Now, over here our recurrence guru JeffE does essentially this:

$\qquad \displaystyle \sum_{i=1}^n \Theta\left(\frac{1}{i}\right) = \Theta(H_n)$

While the end result is correct, I think this is wrong. Why? If we add in all the existence of constants implied (only the upper bound), we have

$\qquad \displaystyle \sum_{i=1}^n c_i \cdot \frac{1}{i} \leq c \cdot H_n$.

Now how do we compute $c$ from $c_1, \dots, c_n$? The answer is, I believe, that we can not: $c$ has to bound for all $n$ but we get more $c_i$ as $n$ grows. We don't know anything about them; $c_i$ may very well depend on $i$, so we can not assume a bound: a finite $c$ may not exist.

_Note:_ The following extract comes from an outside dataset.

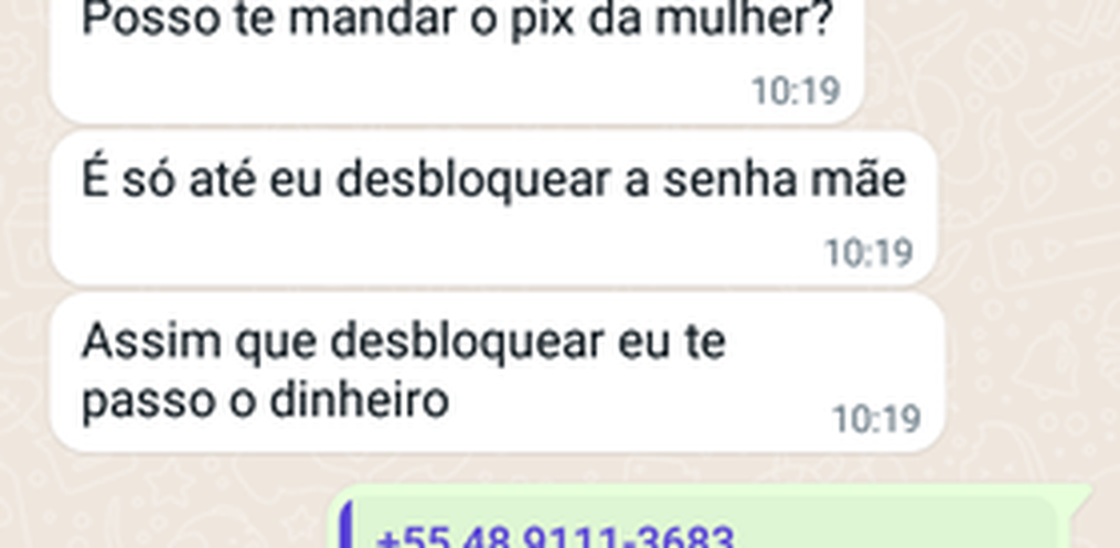 A mulher que é professora em São Miguel do Oeste contou que recebeu uma mensagem via aplicativo enquanto estava no intervalo entre as aulas. Ela disse que a “falsa filha” entrou em contato pedindo para que ela transferisse R$ 1.254 pois seu aplicativo havia bloqueado e ela precisava pagar uma conta.

In addition, there is this subtle issue of which variable goes to infinity on the left-hand side -- $i$ or $n$? Both? If $n$ (for the sake of compatibility), what is the meaning of $\Theta(1/i)$, knowing that $1 \leq i \leq n$? Does it not only mean $\Theta(1)$? If so, we can't bound the sum better than $\Theta(n)$.

So, where does that leave us? It it a blatant mistake? A subtle one? Or is it just the usual abuse of notation and we should not look at $=$ signs like this one out of context? Can we formulate a (rigorously) correct rule to evalutate (certain) sums of Landau terms?

I think that the main question is: what is $i$? If we consider it constant (as it is inside the scope of the sum) we can easily build counterexamples. If it is not constant, I have no idea how to read it.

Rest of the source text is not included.